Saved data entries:
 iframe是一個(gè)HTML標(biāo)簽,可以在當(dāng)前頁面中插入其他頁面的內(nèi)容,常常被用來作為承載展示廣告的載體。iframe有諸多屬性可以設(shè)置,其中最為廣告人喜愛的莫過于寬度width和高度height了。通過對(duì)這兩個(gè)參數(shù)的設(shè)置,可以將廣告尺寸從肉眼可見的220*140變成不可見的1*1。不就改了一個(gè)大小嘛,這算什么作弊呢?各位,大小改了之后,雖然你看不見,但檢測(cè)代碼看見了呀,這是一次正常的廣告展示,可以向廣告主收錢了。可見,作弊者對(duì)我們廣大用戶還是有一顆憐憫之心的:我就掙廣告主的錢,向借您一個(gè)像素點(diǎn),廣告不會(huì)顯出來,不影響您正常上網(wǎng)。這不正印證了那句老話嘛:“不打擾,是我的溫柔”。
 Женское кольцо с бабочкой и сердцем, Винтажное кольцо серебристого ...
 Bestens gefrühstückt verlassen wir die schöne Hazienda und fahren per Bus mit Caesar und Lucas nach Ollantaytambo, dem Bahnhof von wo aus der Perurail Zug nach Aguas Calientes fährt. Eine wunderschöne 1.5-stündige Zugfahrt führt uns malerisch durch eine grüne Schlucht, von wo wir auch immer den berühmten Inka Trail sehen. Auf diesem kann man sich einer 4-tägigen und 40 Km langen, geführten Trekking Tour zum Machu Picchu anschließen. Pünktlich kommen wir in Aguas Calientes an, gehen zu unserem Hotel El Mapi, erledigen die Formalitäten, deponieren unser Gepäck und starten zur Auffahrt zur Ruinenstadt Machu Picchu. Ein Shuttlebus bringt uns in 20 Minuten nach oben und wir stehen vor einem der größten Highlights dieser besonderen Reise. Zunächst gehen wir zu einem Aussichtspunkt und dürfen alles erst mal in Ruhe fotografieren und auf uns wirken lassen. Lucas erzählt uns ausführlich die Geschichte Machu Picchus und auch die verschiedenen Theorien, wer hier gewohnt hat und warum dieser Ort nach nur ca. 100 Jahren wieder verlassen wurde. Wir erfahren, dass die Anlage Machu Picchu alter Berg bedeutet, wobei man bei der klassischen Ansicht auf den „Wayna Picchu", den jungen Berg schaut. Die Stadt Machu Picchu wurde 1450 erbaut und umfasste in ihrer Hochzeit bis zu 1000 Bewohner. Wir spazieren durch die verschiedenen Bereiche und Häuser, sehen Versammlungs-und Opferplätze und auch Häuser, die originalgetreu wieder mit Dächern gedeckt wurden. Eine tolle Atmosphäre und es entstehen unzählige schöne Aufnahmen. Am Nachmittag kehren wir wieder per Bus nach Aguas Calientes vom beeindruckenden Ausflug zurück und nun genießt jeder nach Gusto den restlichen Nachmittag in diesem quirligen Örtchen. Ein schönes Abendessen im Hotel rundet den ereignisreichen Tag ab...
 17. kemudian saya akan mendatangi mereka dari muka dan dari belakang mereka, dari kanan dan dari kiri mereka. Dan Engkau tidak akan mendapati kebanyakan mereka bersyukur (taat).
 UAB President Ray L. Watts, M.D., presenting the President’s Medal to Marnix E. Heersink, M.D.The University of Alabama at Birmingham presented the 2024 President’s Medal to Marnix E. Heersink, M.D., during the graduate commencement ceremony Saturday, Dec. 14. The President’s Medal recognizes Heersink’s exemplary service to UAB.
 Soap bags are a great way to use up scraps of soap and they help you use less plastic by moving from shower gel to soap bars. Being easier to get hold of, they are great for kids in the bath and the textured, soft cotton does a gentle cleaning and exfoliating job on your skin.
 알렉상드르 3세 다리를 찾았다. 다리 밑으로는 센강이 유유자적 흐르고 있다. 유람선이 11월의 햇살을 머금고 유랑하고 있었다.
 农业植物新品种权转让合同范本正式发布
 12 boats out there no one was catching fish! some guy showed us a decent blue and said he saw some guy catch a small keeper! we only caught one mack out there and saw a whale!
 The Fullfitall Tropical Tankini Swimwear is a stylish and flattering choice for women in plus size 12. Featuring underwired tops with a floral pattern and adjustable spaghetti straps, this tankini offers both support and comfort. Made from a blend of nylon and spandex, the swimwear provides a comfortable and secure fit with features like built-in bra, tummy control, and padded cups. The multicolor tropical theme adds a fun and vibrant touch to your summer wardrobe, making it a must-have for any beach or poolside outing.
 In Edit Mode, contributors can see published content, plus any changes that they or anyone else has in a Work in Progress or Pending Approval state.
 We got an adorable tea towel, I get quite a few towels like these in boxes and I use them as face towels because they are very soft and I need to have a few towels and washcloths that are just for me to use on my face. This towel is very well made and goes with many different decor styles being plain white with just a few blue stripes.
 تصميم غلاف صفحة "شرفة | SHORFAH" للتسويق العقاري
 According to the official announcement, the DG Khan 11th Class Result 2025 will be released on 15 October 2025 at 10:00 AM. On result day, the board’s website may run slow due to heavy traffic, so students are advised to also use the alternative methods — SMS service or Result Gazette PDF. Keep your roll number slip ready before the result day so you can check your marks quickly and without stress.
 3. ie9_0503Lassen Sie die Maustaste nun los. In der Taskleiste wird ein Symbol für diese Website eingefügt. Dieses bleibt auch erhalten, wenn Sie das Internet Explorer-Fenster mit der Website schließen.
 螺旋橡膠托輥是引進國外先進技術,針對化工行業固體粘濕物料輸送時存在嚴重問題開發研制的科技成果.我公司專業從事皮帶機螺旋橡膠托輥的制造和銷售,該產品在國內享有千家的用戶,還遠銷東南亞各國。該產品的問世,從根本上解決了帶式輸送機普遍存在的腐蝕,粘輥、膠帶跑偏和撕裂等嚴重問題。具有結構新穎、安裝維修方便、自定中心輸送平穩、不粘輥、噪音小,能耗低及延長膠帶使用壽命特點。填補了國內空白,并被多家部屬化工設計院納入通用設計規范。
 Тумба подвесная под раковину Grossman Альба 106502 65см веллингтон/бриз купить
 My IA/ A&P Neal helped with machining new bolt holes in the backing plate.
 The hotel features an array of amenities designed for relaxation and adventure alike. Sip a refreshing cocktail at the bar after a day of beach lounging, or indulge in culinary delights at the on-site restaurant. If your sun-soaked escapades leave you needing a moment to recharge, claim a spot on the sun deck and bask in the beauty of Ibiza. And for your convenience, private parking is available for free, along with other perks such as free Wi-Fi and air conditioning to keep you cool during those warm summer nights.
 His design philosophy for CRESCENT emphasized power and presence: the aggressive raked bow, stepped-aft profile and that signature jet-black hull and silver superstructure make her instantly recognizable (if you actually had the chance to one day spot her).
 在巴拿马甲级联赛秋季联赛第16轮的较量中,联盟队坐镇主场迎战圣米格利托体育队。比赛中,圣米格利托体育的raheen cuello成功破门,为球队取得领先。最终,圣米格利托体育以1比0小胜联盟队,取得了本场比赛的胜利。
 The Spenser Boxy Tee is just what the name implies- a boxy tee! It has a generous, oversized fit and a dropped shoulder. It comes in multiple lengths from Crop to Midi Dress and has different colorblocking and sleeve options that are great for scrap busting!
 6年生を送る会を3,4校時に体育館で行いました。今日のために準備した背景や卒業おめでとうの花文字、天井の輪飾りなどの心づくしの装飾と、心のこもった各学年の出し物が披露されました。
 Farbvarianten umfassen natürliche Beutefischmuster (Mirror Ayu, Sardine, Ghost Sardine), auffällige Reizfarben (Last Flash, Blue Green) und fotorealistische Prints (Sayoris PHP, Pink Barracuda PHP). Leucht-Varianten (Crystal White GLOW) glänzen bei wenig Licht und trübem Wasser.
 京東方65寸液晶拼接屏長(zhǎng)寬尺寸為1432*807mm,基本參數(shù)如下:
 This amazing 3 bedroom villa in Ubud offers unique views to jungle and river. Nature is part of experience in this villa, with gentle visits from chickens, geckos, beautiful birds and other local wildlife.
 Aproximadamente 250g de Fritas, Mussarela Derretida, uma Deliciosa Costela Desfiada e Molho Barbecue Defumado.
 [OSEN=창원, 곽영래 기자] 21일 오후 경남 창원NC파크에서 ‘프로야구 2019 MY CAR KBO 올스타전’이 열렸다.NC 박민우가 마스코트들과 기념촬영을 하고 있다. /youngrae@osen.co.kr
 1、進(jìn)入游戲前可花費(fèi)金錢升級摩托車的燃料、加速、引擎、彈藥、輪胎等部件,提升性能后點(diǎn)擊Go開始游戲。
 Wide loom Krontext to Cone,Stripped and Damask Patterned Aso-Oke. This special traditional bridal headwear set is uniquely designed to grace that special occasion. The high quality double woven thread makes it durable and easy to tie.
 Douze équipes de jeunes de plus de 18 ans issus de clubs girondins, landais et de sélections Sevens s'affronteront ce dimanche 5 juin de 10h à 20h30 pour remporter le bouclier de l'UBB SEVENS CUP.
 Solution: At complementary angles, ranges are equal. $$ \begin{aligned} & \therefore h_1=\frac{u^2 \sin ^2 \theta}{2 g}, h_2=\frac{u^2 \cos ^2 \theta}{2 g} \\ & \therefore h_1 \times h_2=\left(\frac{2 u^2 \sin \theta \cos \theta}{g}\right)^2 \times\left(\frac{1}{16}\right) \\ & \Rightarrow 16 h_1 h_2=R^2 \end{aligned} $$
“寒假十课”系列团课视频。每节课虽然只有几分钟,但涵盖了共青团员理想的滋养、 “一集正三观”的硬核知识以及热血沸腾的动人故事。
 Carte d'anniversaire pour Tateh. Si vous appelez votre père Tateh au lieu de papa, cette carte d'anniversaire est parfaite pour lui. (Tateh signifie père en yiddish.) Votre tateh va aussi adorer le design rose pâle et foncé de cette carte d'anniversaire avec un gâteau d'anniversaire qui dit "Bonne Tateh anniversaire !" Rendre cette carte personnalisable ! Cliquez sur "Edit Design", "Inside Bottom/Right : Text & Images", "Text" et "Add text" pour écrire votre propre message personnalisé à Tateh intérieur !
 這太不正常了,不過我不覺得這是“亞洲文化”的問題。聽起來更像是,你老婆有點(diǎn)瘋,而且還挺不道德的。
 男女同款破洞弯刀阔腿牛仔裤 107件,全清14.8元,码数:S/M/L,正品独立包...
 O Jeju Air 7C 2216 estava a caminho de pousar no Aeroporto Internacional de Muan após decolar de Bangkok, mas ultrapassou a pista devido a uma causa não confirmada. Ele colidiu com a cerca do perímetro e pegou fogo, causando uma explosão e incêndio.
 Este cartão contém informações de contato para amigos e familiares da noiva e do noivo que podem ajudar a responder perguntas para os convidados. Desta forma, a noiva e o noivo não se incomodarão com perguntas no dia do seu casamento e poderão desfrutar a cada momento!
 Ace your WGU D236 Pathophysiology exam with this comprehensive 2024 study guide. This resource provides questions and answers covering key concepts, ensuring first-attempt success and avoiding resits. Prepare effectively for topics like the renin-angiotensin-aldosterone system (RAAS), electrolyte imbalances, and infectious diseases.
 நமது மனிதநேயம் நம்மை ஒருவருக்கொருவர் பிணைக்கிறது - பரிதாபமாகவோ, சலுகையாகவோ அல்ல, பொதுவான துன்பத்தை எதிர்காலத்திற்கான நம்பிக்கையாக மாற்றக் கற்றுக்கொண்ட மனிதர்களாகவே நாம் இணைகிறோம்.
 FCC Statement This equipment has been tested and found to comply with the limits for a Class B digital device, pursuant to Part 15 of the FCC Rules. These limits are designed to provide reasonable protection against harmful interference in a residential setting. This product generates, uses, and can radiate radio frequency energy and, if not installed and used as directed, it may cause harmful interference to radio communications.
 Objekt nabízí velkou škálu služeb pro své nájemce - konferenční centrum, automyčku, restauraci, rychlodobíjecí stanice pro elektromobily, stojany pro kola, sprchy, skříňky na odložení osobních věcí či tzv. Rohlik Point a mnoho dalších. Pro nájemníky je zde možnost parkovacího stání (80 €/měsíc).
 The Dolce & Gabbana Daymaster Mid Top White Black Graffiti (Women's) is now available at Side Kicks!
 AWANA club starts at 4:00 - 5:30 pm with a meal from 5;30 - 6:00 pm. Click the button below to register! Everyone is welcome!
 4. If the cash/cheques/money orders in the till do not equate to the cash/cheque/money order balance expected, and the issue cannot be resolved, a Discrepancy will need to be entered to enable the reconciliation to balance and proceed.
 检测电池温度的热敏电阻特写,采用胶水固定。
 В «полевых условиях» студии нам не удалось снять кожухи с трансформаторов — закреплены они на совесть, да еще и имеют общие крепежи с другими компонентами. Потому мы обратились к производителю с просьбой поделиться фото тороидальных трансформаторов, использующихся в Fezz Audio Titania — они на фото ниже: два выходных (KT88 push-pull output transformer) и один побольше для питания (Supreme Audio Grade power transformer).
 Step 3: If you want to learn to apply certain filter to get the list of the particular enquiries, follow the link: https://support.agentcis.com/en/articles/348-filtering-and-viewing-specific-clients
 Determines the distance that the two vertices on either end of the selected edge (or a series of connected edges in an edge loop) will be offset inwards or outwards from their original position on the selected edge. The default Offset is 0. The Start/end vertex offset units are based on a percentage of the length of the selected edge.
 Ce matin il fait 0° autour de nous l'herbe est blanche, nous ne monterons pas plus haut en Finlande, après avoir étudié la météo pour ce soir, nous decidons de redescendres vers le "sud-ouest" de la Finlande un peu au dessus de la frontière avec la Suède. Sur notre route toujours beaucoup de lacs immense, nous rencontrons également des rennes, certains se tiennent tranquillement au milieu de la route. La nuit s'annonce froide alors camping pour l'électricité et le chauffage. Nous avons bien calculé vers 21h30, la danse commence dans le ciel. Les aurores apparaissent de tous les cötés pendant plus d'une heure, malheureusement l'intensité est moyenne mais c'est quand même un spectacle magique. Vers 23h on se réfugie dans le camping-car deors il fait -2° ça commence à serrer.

YOUR TASK: Reproduce the entries exactly, starting at their first line and stopping after the line with "Женское кольцо с".

SOLUTION BELOW:
 iframe是一個(gè)HTML標(biāo)簽,可以在當(dāng)前頁面中插入其他頁面的內(nèi)容,常常被用來作為承載展示廣告的載體。iframe有諸多屬性可以設(shè)置,其中最為廣告人喜愛的莫過于寬度width和高度height了。通過對(duì)這兩個(gè)參數(shù)的設(shè)置,可以將廣告尺寸從肉眼可見的220*140變成不可見的1*1。不就改了一個(gè)大小嘛,這算什么作弊呢?各位,大小改了之后,雖然你看不見,但檢測(cè)代碼看見了呀,這是一次正常的廣告展示,可以向廣告主收錢了。可見,作弊者對(duì)我們廣大用戶還是有一顆憐憫之心的:我就掙廣告主的錢,向借您一個(gè)像素點(diǎn),廣告不會(huì)顯出來,不影響您正常上網(wǎng)。這不正印證了那句老話嘛:“不打擾,是我的溫柔”。
 Женское кольцо с бабочкой и сердцем, Винтажное кольцо серебристого ...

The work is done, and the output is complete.